The gathering attended by Barringer was one of dozens held independently by communities around the U.S. in recent days, often in cities or areas far from the national spotlight. Waving American flags and hand-painted placards, several hundred people spilled onto the sidewalks and parking lot outside the Islamic Center of Conejo Valley in southern California’s Ventura County on Sunday. Nearly as many showed up to a Muslim worship center in Richmond, Virginia that same day and signed their names on a banner that read “We Stand Together.” The week before, hundreds of supporters covered the front steps of the mosque in Columbia, Missouri with yellow flowers and balloons — a color that symbolizes friendship.

The rallies are largely in response to Trump’s temporary immigration ban on January 27, which the White House claims will help protect the U.S. from terrorists. Many, however, view the decision as an assault on the values of a free and inclusive society long espoused American leaders. Critics also see it as an attempt by the federal government to stigmatize Islam, a religion practiced by 1.6 billion people worldwide.

Scenes of sprawling protests at airport terminals in big cities and small towns blanketed cable news, newspapers and social media, until a judge in Washington state last week blocked the executive order, allowing visa holders from those nations to temporarily enter the U.S. The legal fight continues, with a decision about the continuation of the ban expected from a federal appeals court this week.

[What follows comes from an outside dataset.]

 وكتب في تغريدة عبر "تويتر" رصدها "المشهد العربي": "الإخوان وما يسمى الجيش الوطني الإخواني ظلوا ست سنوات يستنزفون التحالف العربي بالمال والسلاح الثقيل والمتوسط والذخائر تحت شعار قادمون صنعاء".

But, as that story played out across the national media, smaller acts of solidarity with America’s Muslim community were cropping up, even deep in Trump country.

Janet Nash was one of an estimated 800 non-Muslims who attended a prayer service and reception at the mosque in Ohio’s West Chester Township, a suburb of Cincinnati, on Saturday. Trump carried Butler County, which includes West Chester’s 60,000 residents, by nearly a 2-to-1 margin over Hillary Clinton in November.

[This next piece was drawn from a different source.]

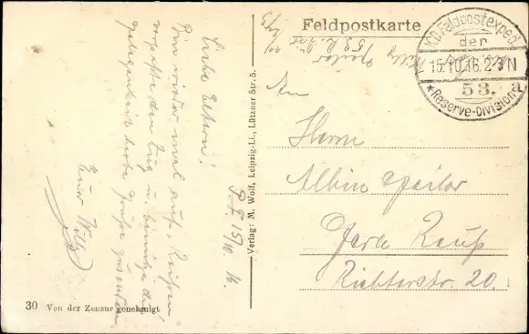 Zustand siehe Scan, 1915, gelaufen - ca 14 cm X 9 cm
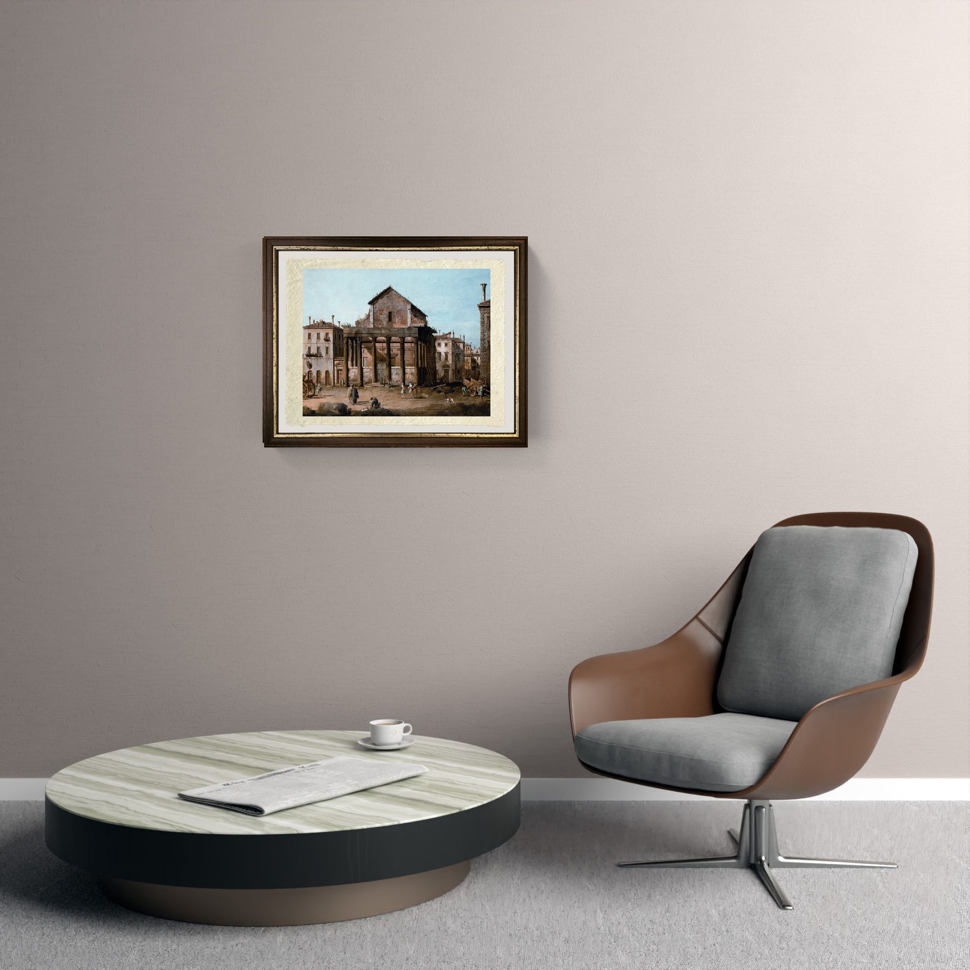 Original and rare historical and decaying view of the Temple of Antoninus and Faustina in Rome, painted by Bernardo Bellotto. The temple has been left to the ravages of time, with shrubs growing over the columns and roof. In the small square in front are scenes of daily life. Roman houses are located to the side and flank the temple. The sky is clear with a few white clouds.

“It was just amazing that so many people came out,” said Nash, a therapist and owner of a yoga studio. The service at the Islamic Center of Cincinnati was the first time she had set foot in a mosque. “We hear so many negative things about Muslims. I want to understand them. I want to understand their religion.”

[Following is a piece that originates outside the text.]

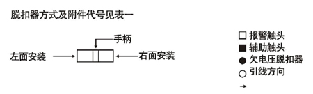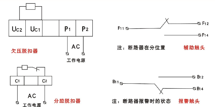 附件裝置分內(nèi)部裝置和外部裝置:內(nèi)部裝置有分勵(lì)脫扣器、欠電壓脫扣器、輔助觸頭、
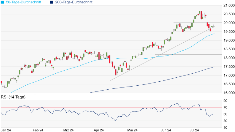 Früh knapp 170 Punkte im Minus. Möglicherweise steuert der NASDAQ-100 noch einmal den Unterstützungsbereich bei 19.479/19.473 Punkten an. Bei einem Unterschreiten könnte zusätzliches Verkaufsinteresse aufkommen. Allerdings würde mit der aktuell bei 19.389 Punkten verlaufenden 50-Tage-Linie bereits die nächste signifikante Unterstützung auftauchen. Kann der NASDAQ-100 hingegen seinen Aufwärtstrend doch noch überqueren, würde aber wohl erst das Überqueren der psychologisch wichtigen

Others are finding ways to offer their support from afar. Islamic centers and mosques from Pittsburgh to Portland, Oregon say they’ve been flooded with handwritten letters, cards, and bouquets of flowers. Some have taken to social media to share these tokens of unity and tolerance

“Just wanted to let you know that you are important to us & cherished in our society,” reads one of the missives published by The Islamic Center of Portland —Masjed As-Saber. The letter, written in black cursive, is addressed to “Fellow Americans.”

Still, there remains troubling signs that anti-Muslim bias may continue to course through the American landscape. Hate crimes targeting Muslims remain on the rise in the U.S., with a reported surge in the number of attacks and incidents immediately following the presidential election. Copies of a letter that praised Trump and promised genocide against all Muslims showed up at Islamic centers across the U.S. late last year. Two weeks before the mosque fire in Victoria, someone intentionally torched an Islamic center near Seattle.

But like those in Victoria, residents near the Islamic Center of Eastside in Bellevue, Washington are coming together. Middle school students at Licton Springs in north Seattle held a bake sale that they say raised several hundred dollars for the mosque on Friday. The following evening, every seat at the Congregational Church of Mercer Island filled for a benefit concert.

“The atmosphere was really magic,” said Reverend Roberta Rominger, whose wood and brick chapel teamed with arias, Rachmaninoff, and the compassionate resolve of 200 men and women. “A whole lot of people are hungry to do something and are feeling powerless. We gave them an opportunity to come and give their support.”

The collection plates that night filled with $7,000.